== YOUR TASK ==
Write the data below out exactly as it stands. Do not include the pictures.

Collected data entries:
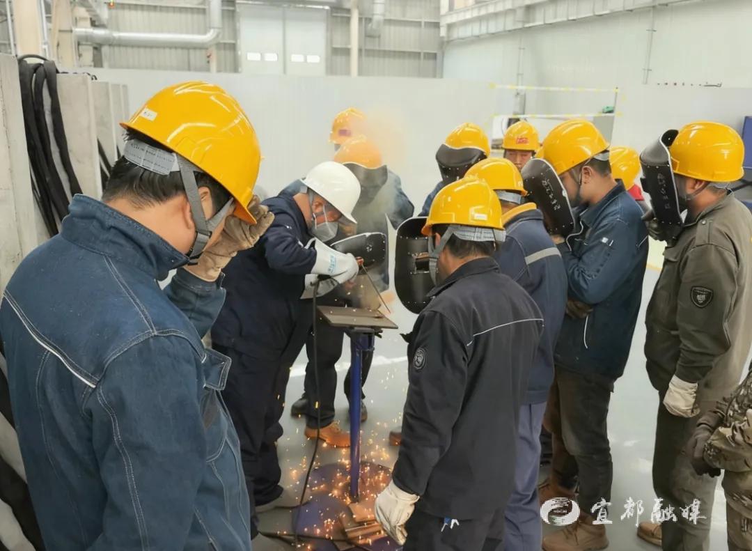 焊工项目化培训打破传统,将实训课程安排在车间内,学员们使用企业实际生产设备进行实操,练习真实的船舶分段建造与焊接等工艺流程。同时,宜都市考试培训中心教师、宜昌市焊工技能大师杨昌兵和企业内训师联合授课,将生产中的典型案例、质量标准及安全规范融入教学全过程,实现教学内容与生产实际对标对表。
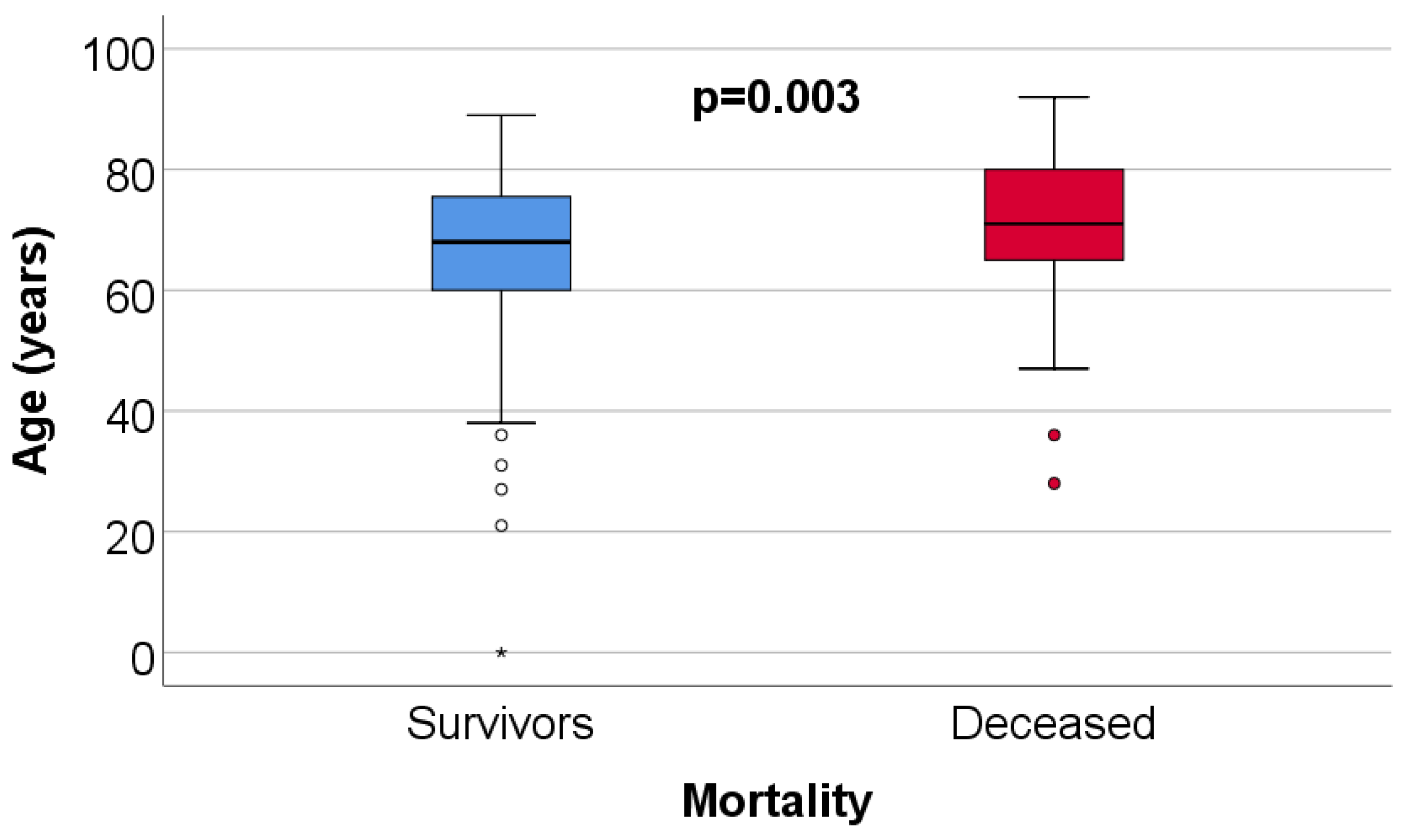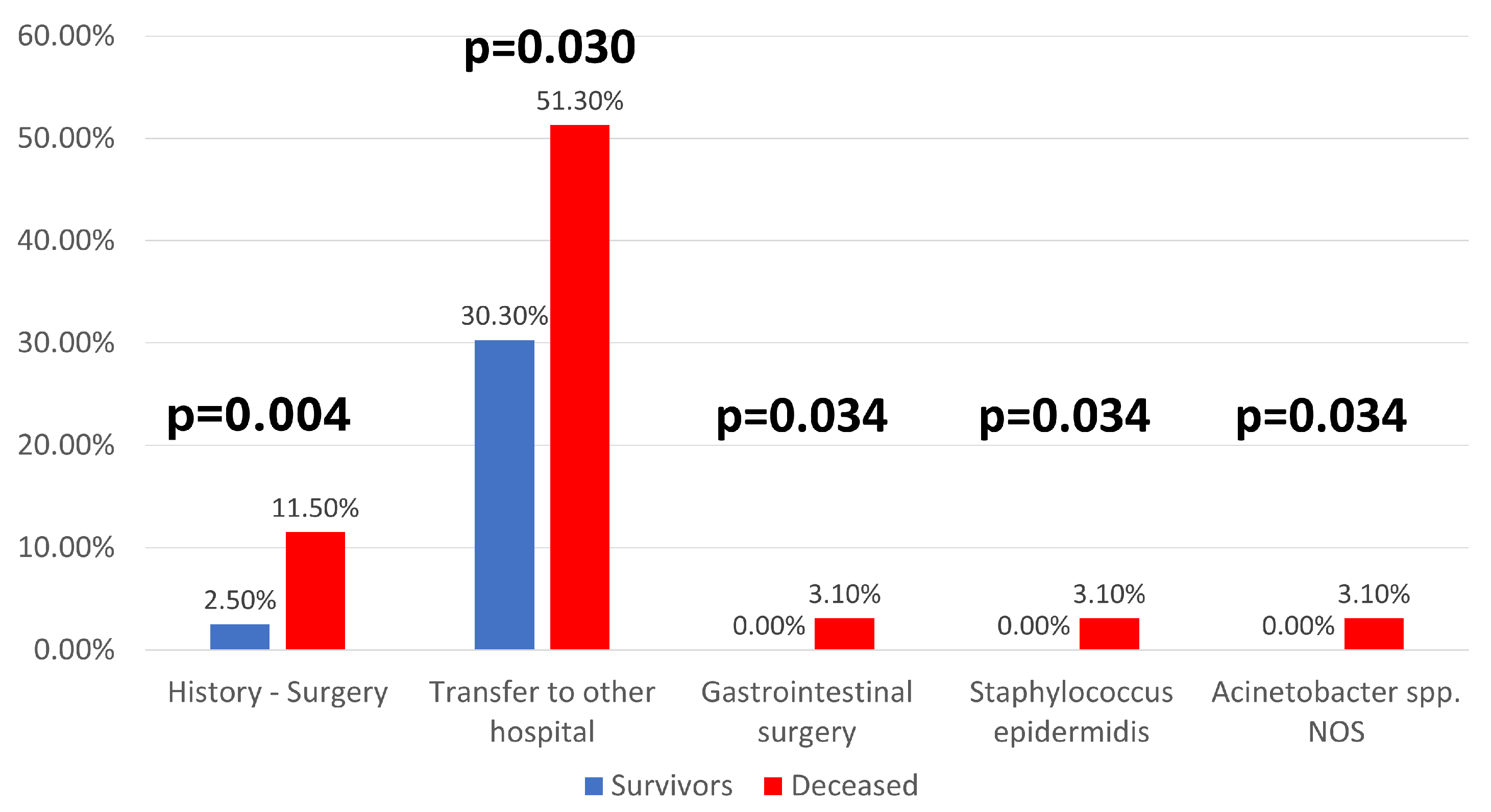 | Parameter (No., %) | Total | Survivors | Deceased | p |
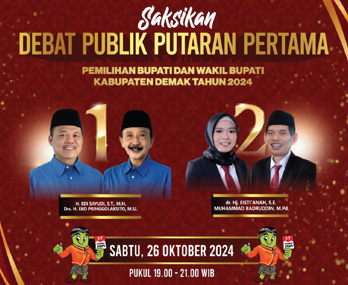 Menurut ketua KPU kabupaten Demak, Siti Ulfaati Debat Publik akan di gelar di Studio TVRI Jawa Tengah di Pucang Gading Mranggen. Pada hari Sabtu, 26 Oktober 2024 pukul 19.00 WIB – 21.00 WIB. Dengan menghadirkan peserta debat dua pasangan Calon, yakni pasangan nomor urut 1. Edi Sayudi dan Eko Pringgolaksito serta pasangan nomor urut 2. Eisti’anah dan M Badruddin.
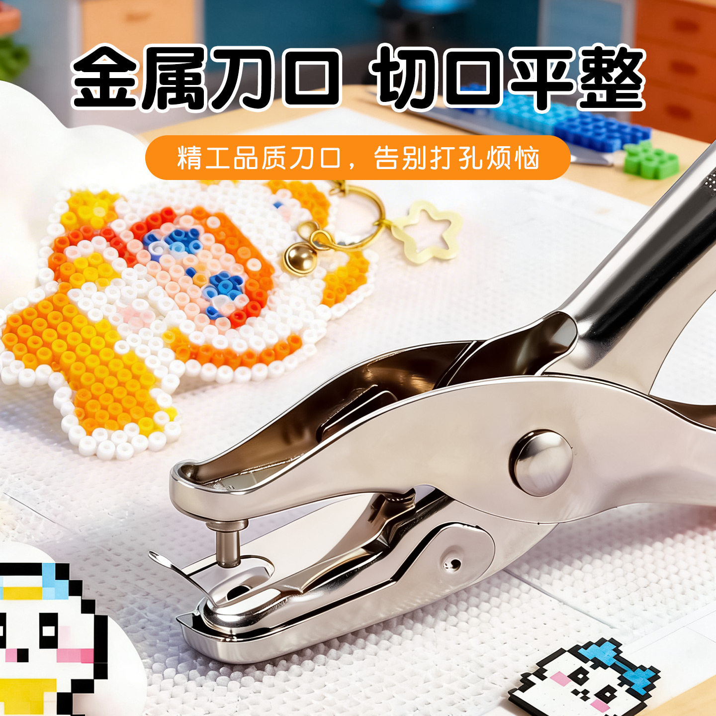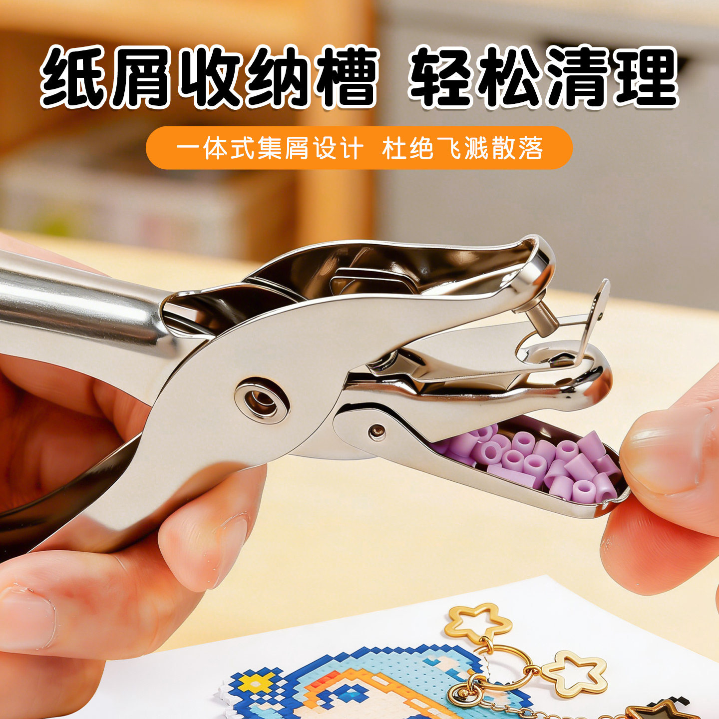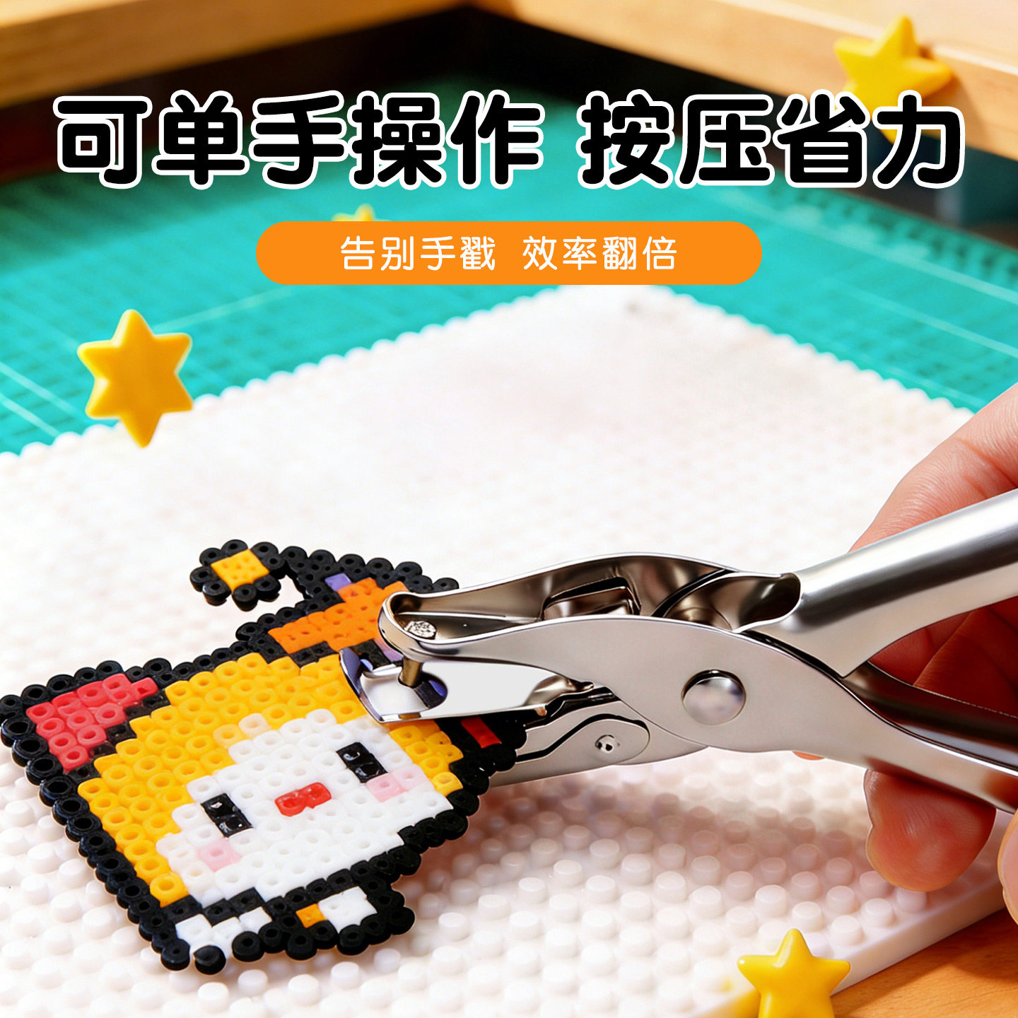 拼豆打孔器省力打洞儿童DIY自制可爱卡通拼豆钥匙扣书包挂件防滑打孔机按压快速开孔小学生便捷装订本子工具
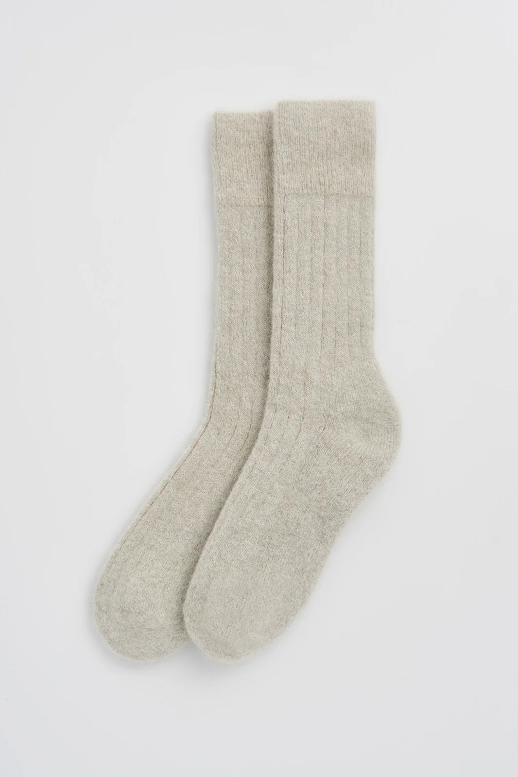 Ultra Soft Alpaca Bed Socks - Ribbed - Pearl Grey
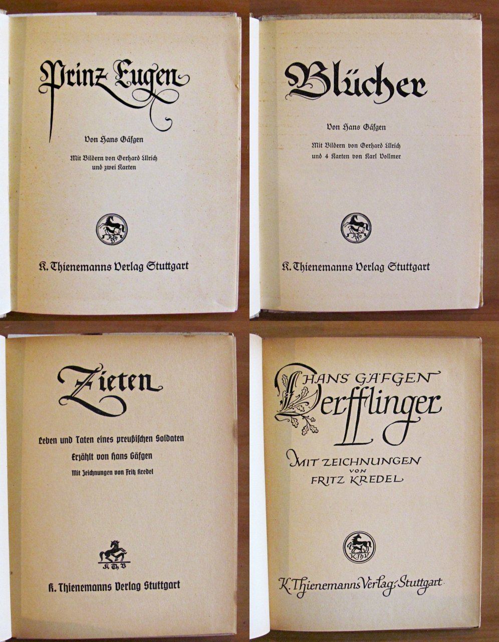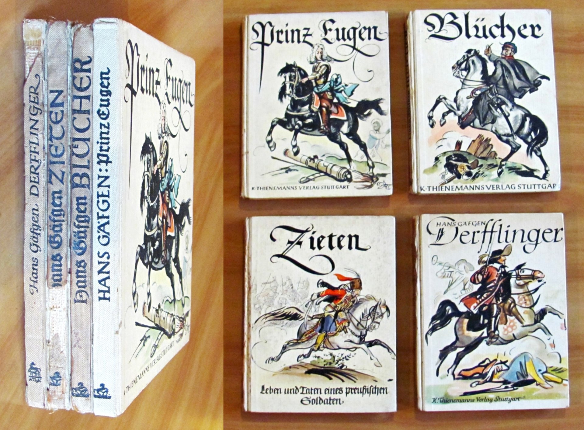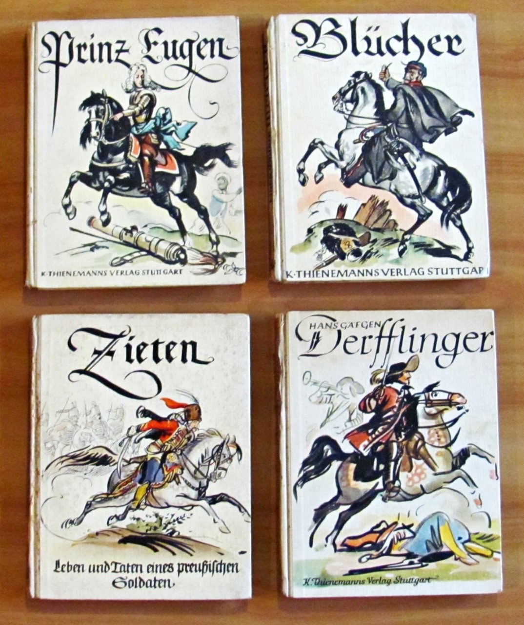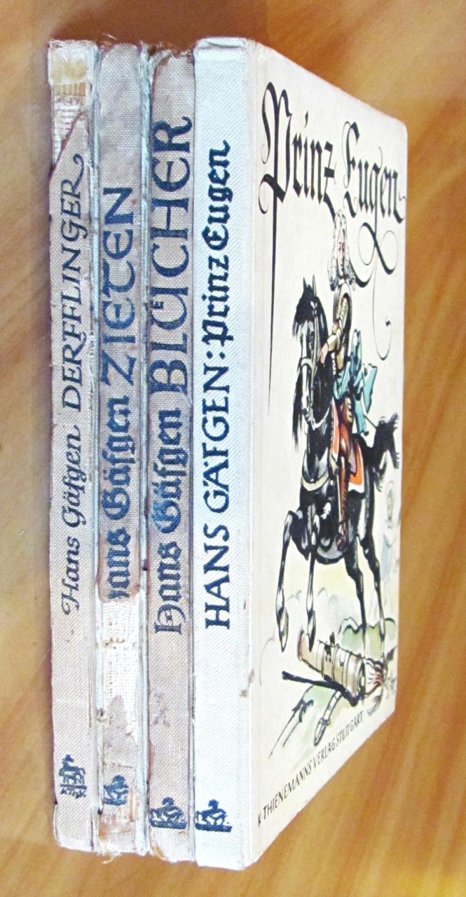 Molte illustrazioni in b/n n.t. di Gerhard Ellrich al primo e al terzo titolo, e di Fritz Kredel al secondo e quarto titolo. Blucher ha anche 4 cartine in b/n n.t. di Karl Vollmer. Ed. Thienemanns - Stuttgart, 1940. Cartonati editoriali con dorsi in tela. Zieten ha una mancanza alla parte inferiore del dorso. Derfflinger ha una piccola mancanza alla parte superiore del dorso e una dedica del tempo in antiporta. 15,5x20; pp.84, 80, 80, 82. RARI e in BUONISSIMO STATO , Molto buono (Very Good)
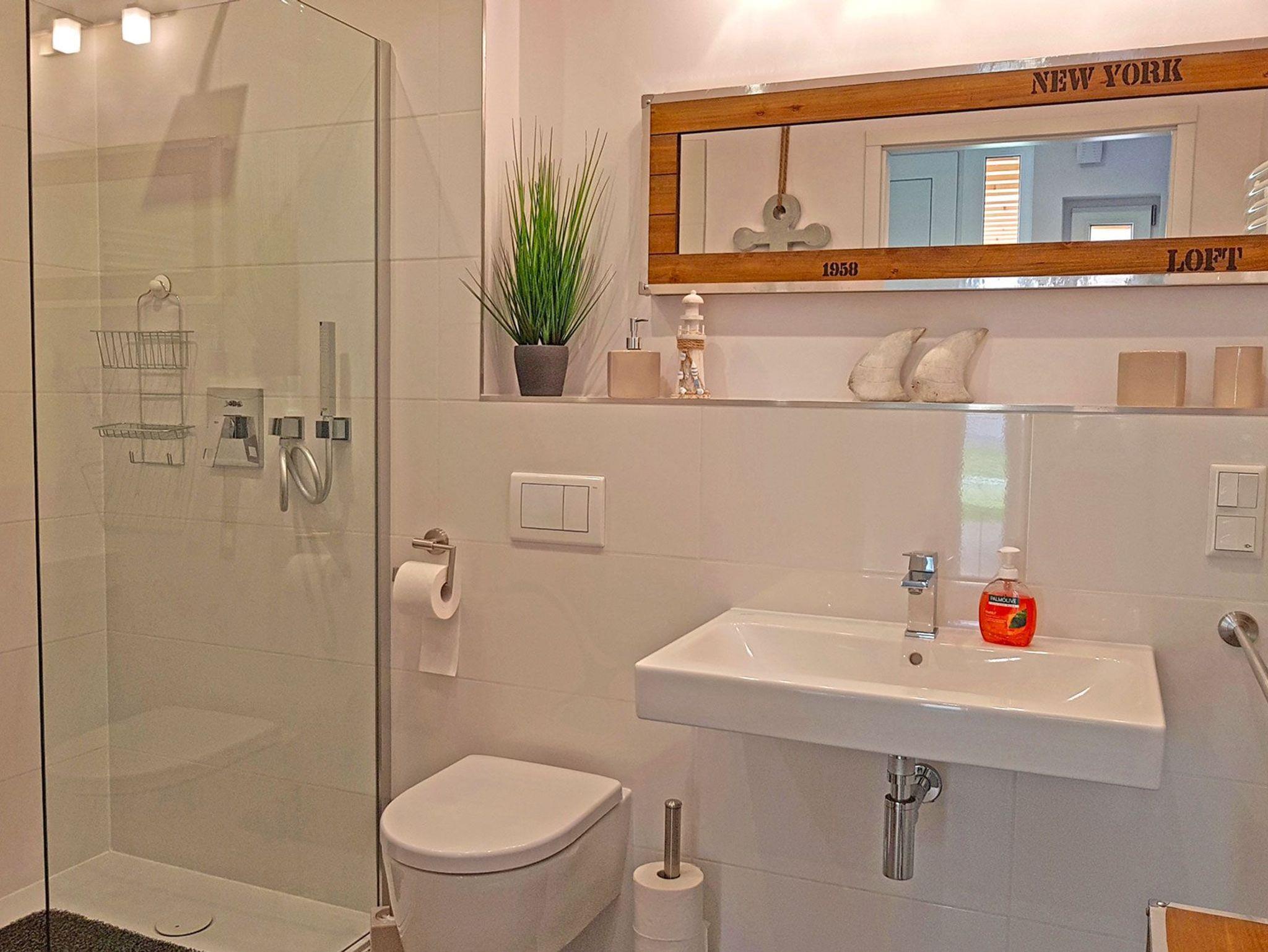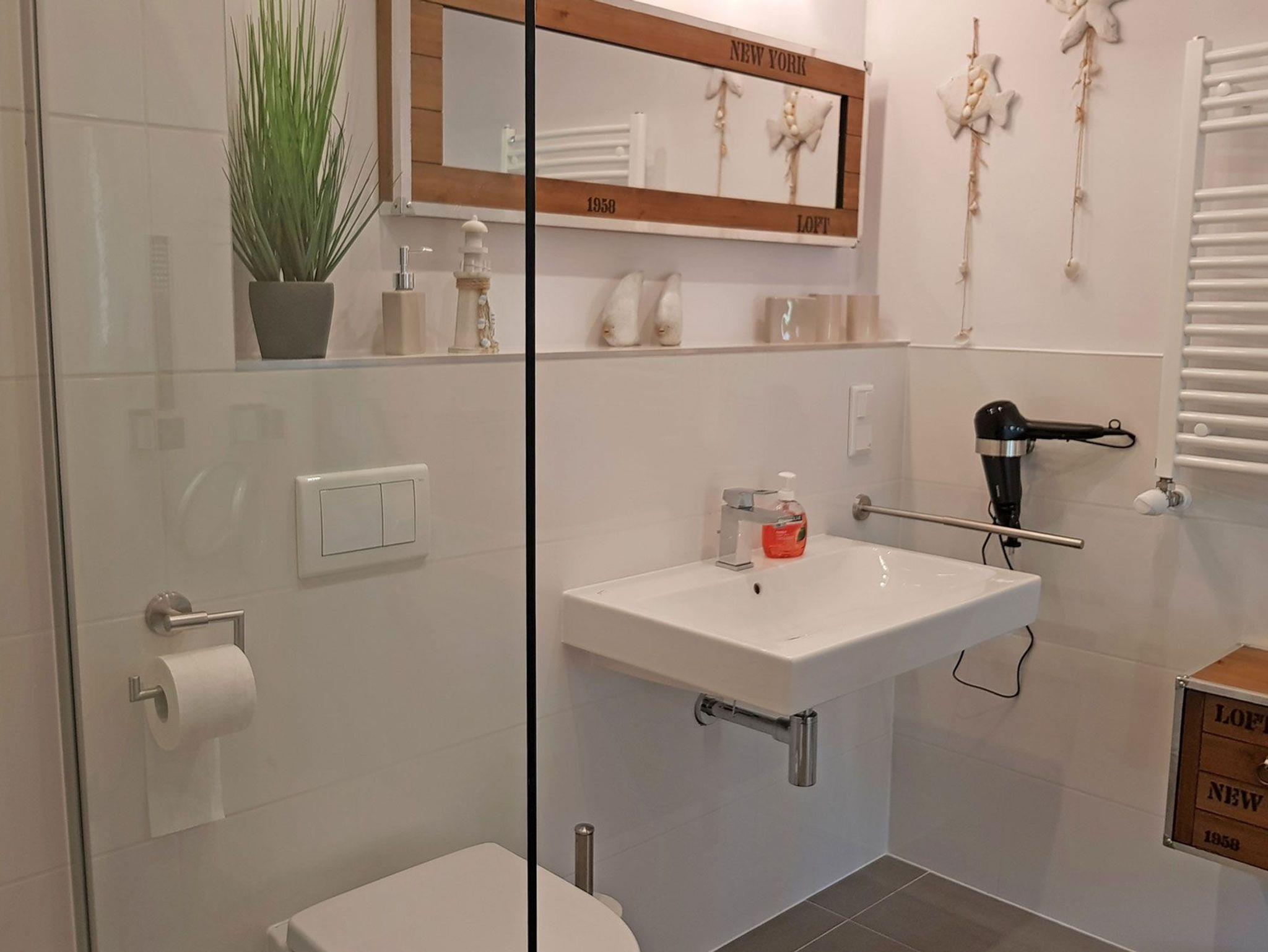 Das großzügige Badezimmer lädt zum Entspannen ein. Eine ebenerdige Dusche mit Rain-Shower-Funktion, ein Waschbecken, WC, Fön und Handtuchwärmer bieten höchsten Komfort. Als besonderes Highlight steht eine Infrarot-Sauna zur Verfügung ? perfekt, um nach einem ereignisreichen Tag neue Energie zu tanken.

== ANSWER FOR THIS EXERCISE ==
 焊工项目化培训打破传统,将实训课程安排在车间内,学员们使用企业实际生产设备进行实操,练习真实的船舶分段建造与焊接等工艺流程。同时,宜都市考试培训中心教师、宜昌市焊工技能大师杨昌兵和企业内训师联合授课,将生产中的典型案例、质量标准及安全规范融入教学全过程,实现教学内容与生产实际对标对表。
 | Parameter (No., %) | Total | Survivors | Deceased | p |
 Menurut ketua KPU kabupaten Demak, Siti Ulfaati Debat Publik akan di gelar di Studio TVRI Jawa Tengah di Pucang Gading Mranggen. Pada hari Sabtu, 26 Oktober 2024 pukul 19.00 WIB – 21.00 WIB. Dengan menghadirkan peserta debat dua pasangan Calon, yakni pasangan nomor urut 1. Edi Sayudi dan Eko Pringgolaksito serta pasangan nomor urut 2. Eisti’anah dan M Badruddin.
 拼豆打孔器省力打洞儿童DIY自制可爱卡通拼豆钥匙扣书包挂件防滑打孔机按压快速开孔小学生便捷装订本子工具
 Ultra Soft Alpaca Bed Socks - Ribbed - Pearl Grey
 Molte illustrazioni in b/n n.t. di Gerhard Ellrich al primo e al terzo titolo, e di Fritz Kredel al secondo e quarto titolo. Blucher ha anche 4 cartine in b/n n.t. di Karl Vollmer. Ed. Thienemanns - Stuttgart, 1940. Cartonati editoriali con dorsi in tela. Zieten ha una mancanza alla parte inferiore del dorso. Derfflinger ha una piccola mancanza alla parte superiore del dorso e una dedica del tempo in antiporta. 15,5x20; pp.84, 80, 80, 82. RARI e in BUONISSIMO STATO , Molto buono (Very Good)
 Das großzügige Badezimmer lädt zum Entspannen ein. Eine ebenerdige Dusche mit Rain-Shower-Funktion, ein Waschbecken, WC, Fön und Handtuchwärmer bieten höchsten Komfort. Als besonderes Highlight steht eine Infrarot-Sauna zur Verfügung ? perfekt, um nach einem ereignisreichen Tag neue Energie zu tanken.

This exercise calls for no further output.